Second, they are sending their agents to educational institutions, the army, the party apparatus, and administrative and financial organs, with the goal of undermining these organs from within. In connection with this the Chinese organs of state security in 1952 are paying special attention to the appearance of espionage and diversionary elements within educational institutions, the army, the party, and the government.
Third, they are attempting to accomplish terrorist acts against members of the government, members of the democratic parties, Soviet workers in China and with the goal of provocation in international relations—even against citizens of capitalist states.
Luo Ruiqing added that in 1952 the organs of state security of China are especially interested in foreign residents in China, with the aim of gradually deporting most of them beyond the borders of the PRC, and the rest will be transported to distant regions and agricultural areas.

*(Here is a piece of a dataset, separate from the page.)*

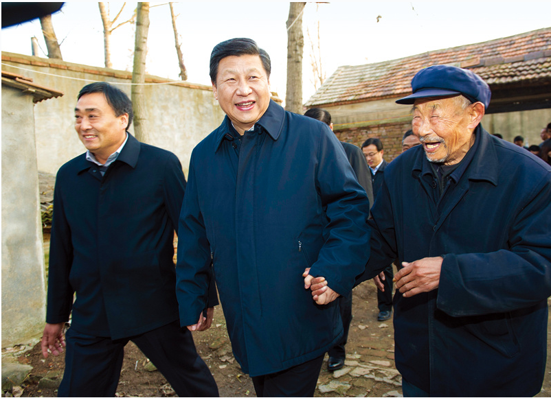 2013年11月24日至28日,中共中央总书记、国家主席、中央军委主席习近平在山东考察。 这是25日下午,习近平在地处沂蒙老区的临沭县曹庄镇朱村亲切地拉着83岁的“老支前”王克昌的手去他家看望。 新华社记者 谢环驰/摄
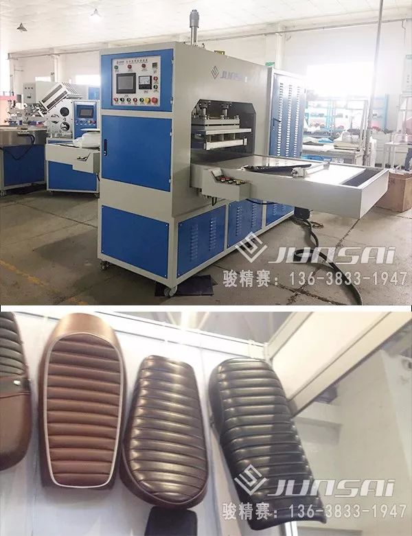 一看,其實我司也是有設備可以做的,類似的摩托車坐墊都是可以使用高頻工藝或吸塑工藝生產,今天小編先為大家介紹一下采用高頻工藝生產的設備—摩托車坐墊高頻壓花機。

USSR AMBASSDOR IN THE PRC:
1--Cde. Gromyko, A.A.
2—1 DVO MID SSSR
3—to be filed
18 January 1952
In the course of the discussion the matter of the proposed purge by the Chinese government of foreigners in Manchuria was raised. Luo Ruiqing said that the Chinese government intends to purge a series of regions of the country of unreliable elements: Manchuria, Qingdao, and Beijing. In the course of two years from these regions all foreigners of imperialist states will be deported. It’s more difficult to address the matter of local Soviet citizens. Among these local Soviet citizens there are dispersed columns of openly and secretly hostile elements, who have conducted in the past or carry on now espionage activities against the USSR and the Chinese People’s Republic.